A novel feature selection framework for incomplete data
Cong Guo
TL;DR
This work tackles feature selection on incomplete data by introducing an alternating two-stage framework that integrates feature importance into the imputation process. The M-stage performs importance-weighted matrix completion using an ensemble of imputations, while the W-stage learns feature importance via a modified $bc$-reliefA algorithm from the imputed data, with iterative feedback between stages. Empirical results on artificial and real missing-value datasets show that EWMC+$bc$-reliefA consistently outperforms baselines, with significant improvements confirmed by Wilcoxon tests and robust performance across missing mechanisms and rates. The approach enhances both imputation quality and feature subset relevance, offering a practical pathway for reliable feature selection under incomplete data conditions.
Abstract
Feature selection on incomplete datasets is an exceptionally challenging task. Existing methods address this challenge by first employing imputation methods to complete the incomplete data and then conducting feature selection based on the imputed data. Since imputation and feature selection are entirely independent steps, the importance of features cannot be considered during imputation. However, in real-world scenarios or datasets, different features have varying degrees of importance. To address this, we propose a novel incomplete data feature selection framework that considers feature importance. The framework mainly consists of two alternating iterative stages: the M-stage and the W-stage.
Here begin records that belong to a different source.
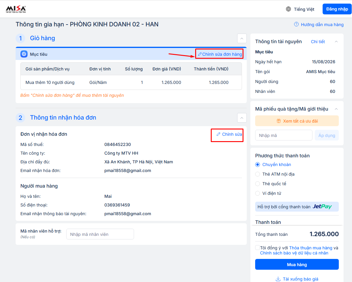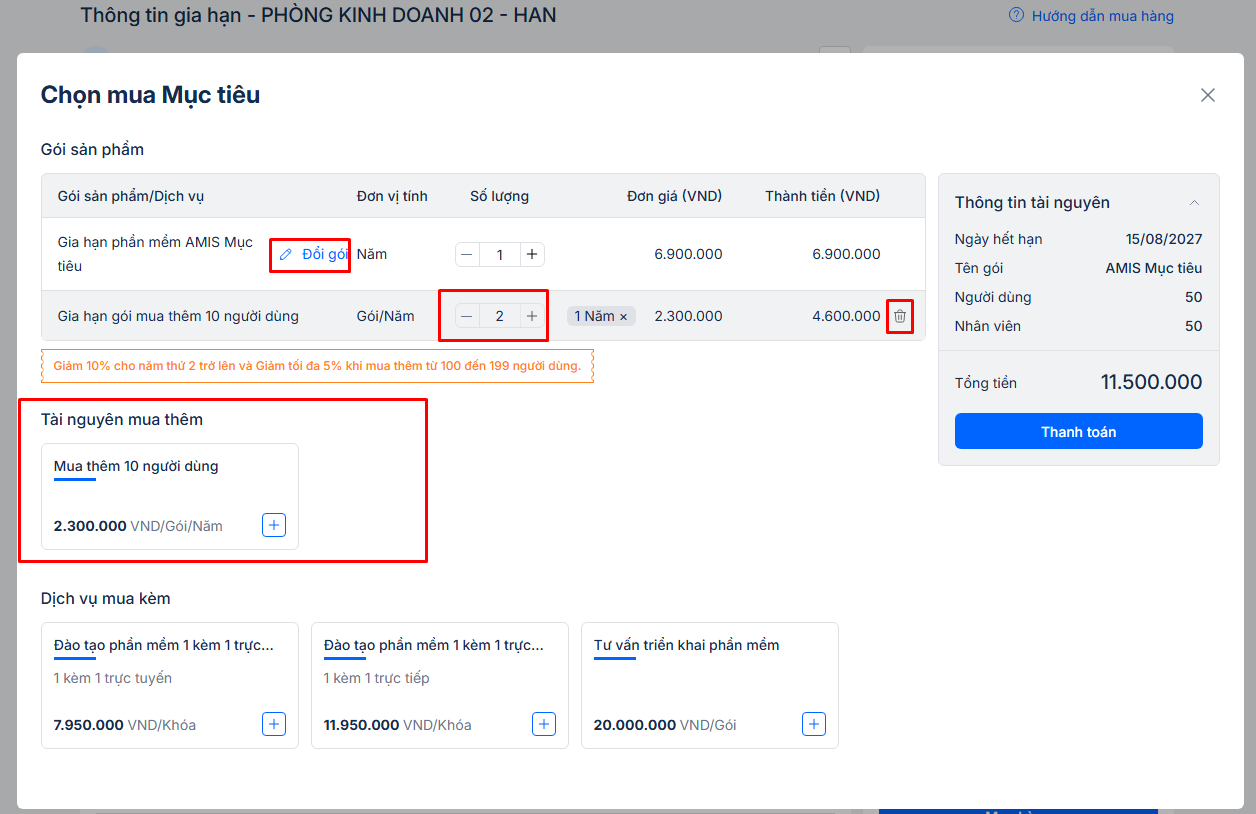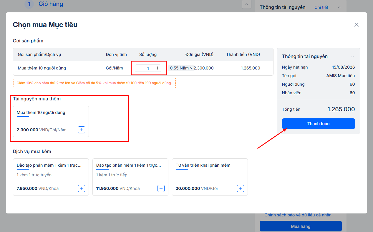 2. Hướng dẫn mua thêm tài nguyên AMIS Mục tiêu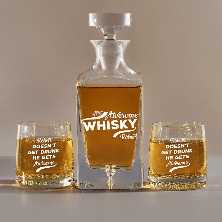 4 vátozatban rendelhető gravírozott whisky dekantáló és poharak készlete:Dekantáló + 1 pohár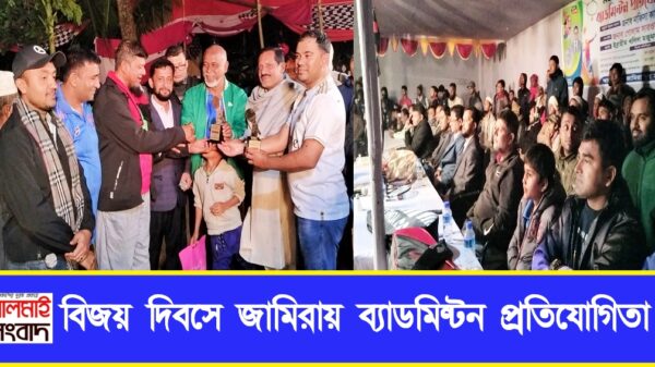 গাজী মামুন, লালমাই।। শেষ হলো কুমিল্লার লালমাই উপজেলার ভূলইন দক্ষিণ ইউনিয়নের জামিরা গ্রামে মহান বিজয় দিবস-২০২৩ উপলক্ষে আয়োজিত ব্যাডমিন্টন প্রতিযোগিতা। জামিরা গ্রামের যুব সমাজের উদ্যোগে শনিবার সন্ধ্যায় মজুমদার বাড়ি সংলগ্ন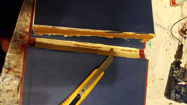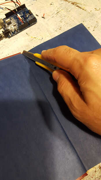 Usando el cortador, el contenido de libro de cubierta de libro. Luego use la uña para hacer 3 agujeros para los leds y un agujero rectangular para el interruptor.
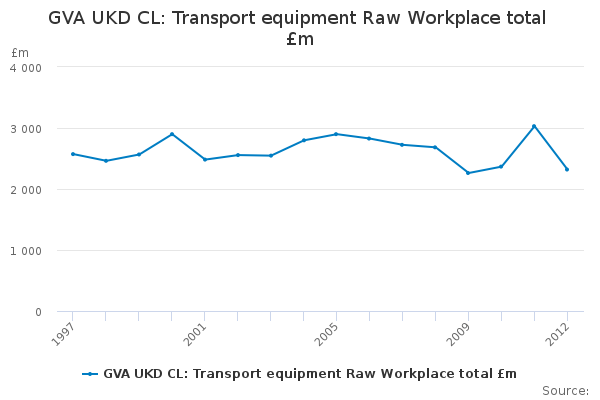 Download this time seriesGVA UKD CL: Transport equipment Raw Workplace total £m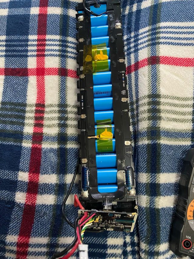 bateria a reparar de xiaomi , la bms debe de estar rota en el conector da 20v pero si mides el voltaje de la bateria da 40v lo que debe de dar
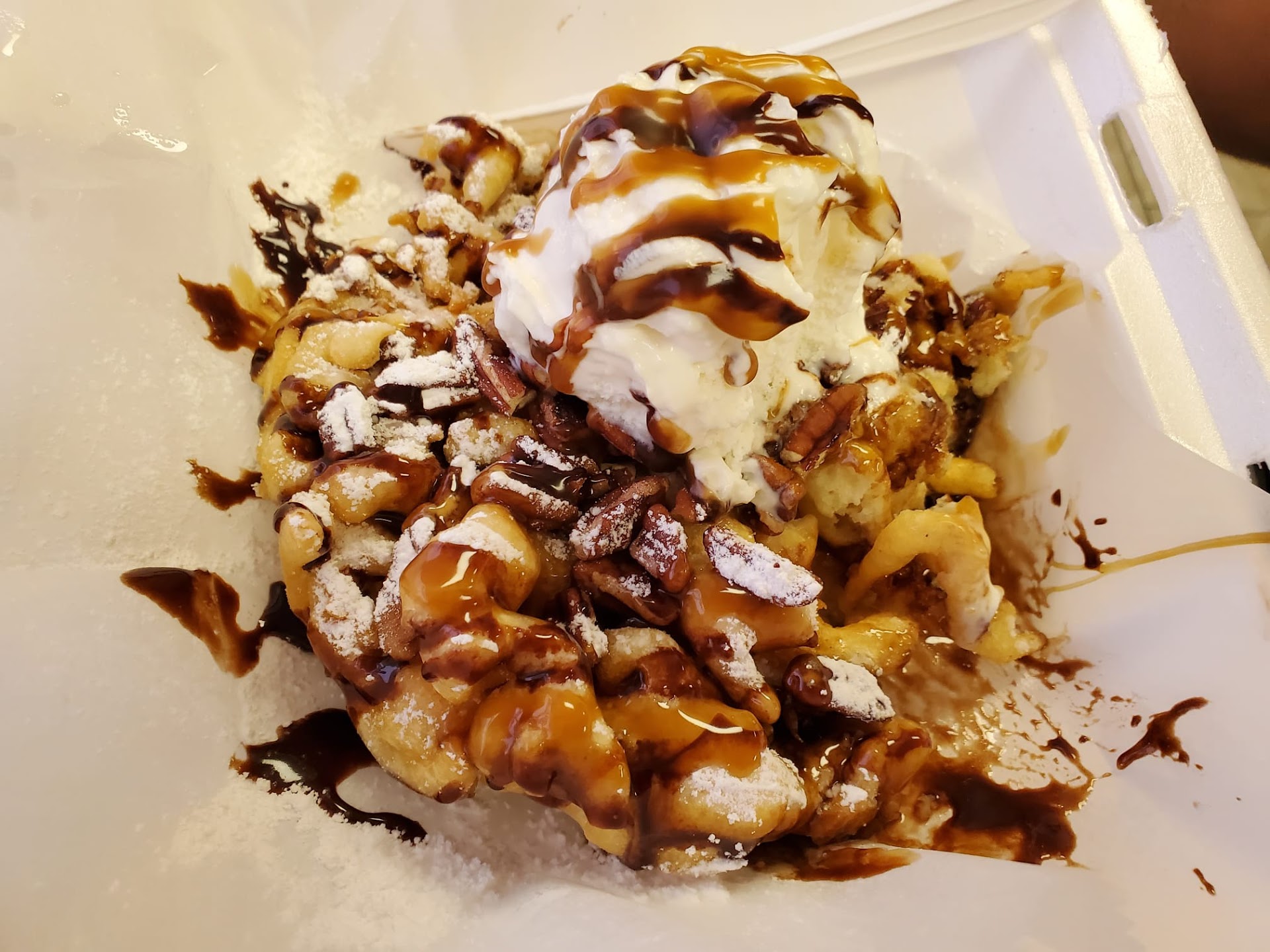 Funnel cake was soft where it wasn’t mushy from whatever ice cream. I’ll admit I could’ve checked for order accuracy, but after the entire exchange we were eager to not be around that energy.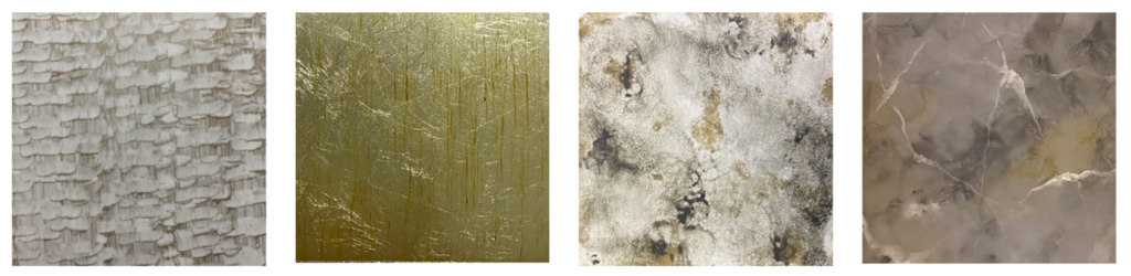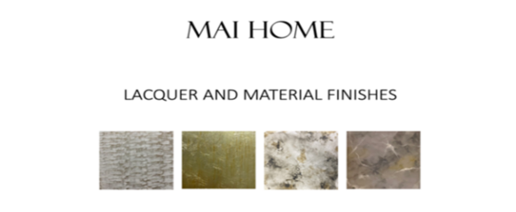 Ví dụ về các mẫu sơn mài của chúng tôi là sơn mài đá cẩm thạch, sơn mài da rắn, sơn mài chải, sơn mài rửa, sơn mài xoáy, sơn mài mây, sơn mài patina, v.v. Một số ví dụ về lớp hoàn thiện vật liệu đặc biệt của chúng tôi là lá bạc, vỏ trứng, vỏ sò, da cá đuối giả, da trăn giả, da cá sấu giả, da lanh giả, v.v.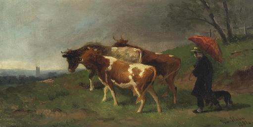 Keywords: William Hahn - Getting the Cattle Home.jpg Artwork creator William Hahn 1881 oil canvas in 7 13 5 object history credit line Wm Hahn 1881 signed/date lower right accession number http //www bonhams com/auctions/13316/lot/135/ Bonhams PD-old-auto-1923 1887 William Hahn Paintings of cattle Images from Bonhams |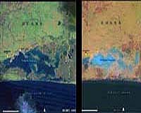Nairobi (AFP) Oct 31, 2005 Satellite images show alarming deterioration to Africa's lakes that must be reversed if the continent's precious water resources are not to become a new source of conflict and instability, experts said Monday. The pictures and measurements in a new atlas show "dramatic and, in some cases, damaging environmental changes" that have swept across Africa affecting nearly all of its 677 natural and man-made inland bodies of water, they said. The damming of river sources, industrial pollution, deforestation, salt mining and climate change, have put Africa's lakes -- which contain about 30,000 cubic kilometers (7,200 cubic miles) of water, the largest volume of any continent -- under increasing pressure from spiralling populations, they said. "I hope these images of Africas lakes will galvanize ... greater action to conserve and restore these crucial water bodies," said Klaus Toepfer, executive director of the UN Environmental Programme (UNEP). "Otherwise, we face increasing tensions and instability as rising populations compete for lifes most precious of precious resources," he said, unveiling the new Atlas of African Lakes prepared by UNEP and the University of Oregon. "We need to manage our resources to avoid future conflicts," said Wangari Maathai, Kenya's assistant minister for the environment and the 2004 Nobel Peace laureate. In particular, the atlas shows the rapid shrinking of Ghana's brackish Lake Songor due partly to salt mining, extraordinary changes to Senegal's Lake Djoudj and the Zambezi river system caused by the construction of dams and the near 90-percent shrinkage of Lake Chad. It also depicts the damage wrought by large-scale deforestation around Kenya's Lake Nakuru and a meter (three-foot) drop of Lake Victoria, Africa's largest fresh-water lake, since the early 1990s. Such destruction not only hinders water supplies for agriculture but also affects fish, a cheap and important source of protein for many impoverished Africans, it said. "Overall, poor management of water catchments has led to excessive erosion, increased cost of water treatment...and a reduction of their economic life," the World Bank's Colin Bruce said. An accompanying report, prepared for the 11th annual World Lakes Conference that opened in Nairobi Monday, called for not only reversing these trends but also strengthening African water resource-sharing treaties between states. "In order to reduce tensions between nations, much more needs to be done to beef up shared agreements and treaties to avoid instability in the future," it said. Of most concern in this area is west Africa's Volta River basin, which is shared by Benin, Burkina Faso, Ghana, Ivory Coast, Mali and Togo and where resources are now strained to the breaking point. "With the sustainability of the Volta basin under threat, there is urgent need for basin states to cooperate more closely to jointly manage the basins water resources," it said. Also threatened are lake and riverine-associated wetlands, including the Okavango Delta the Lake Victoria and Chad basins and the floodplains and deltas of the Congo, Niger and Zambezi rivers, which are important wildlife habitats, key water sources and pollutant filters, the report said. All rights reserved. � 2004 Agence France-Presse. Sections of the information displayed on this page (dispatches, photographs, logos) are protected by intellectual property rights owned by Agence France-Presse. As a consequence, you may not copy, reproduce, modify, transmit, publish, display or in any way commercially exploit any of the content of this section without the prior written consent of Agence France-Presse. Related Links TerraDaily Search TerraDaily Subscribe To TerraDaily Express

In the M-stage, missing values are imputed based on a given feature importance vector and multiple initial imputation results. In the W-stage, an improved reliefF algorithm is employed to learn the feature importance vector based on the imputed data. Specifically, the feature importance vector obtained in the current iteration of the W-stage serves as input for the next iteration of the M-stage. Experimental results on both artificially generated and real incomplete datasets demonstrate that the proposed method outperforms other approaches significantly.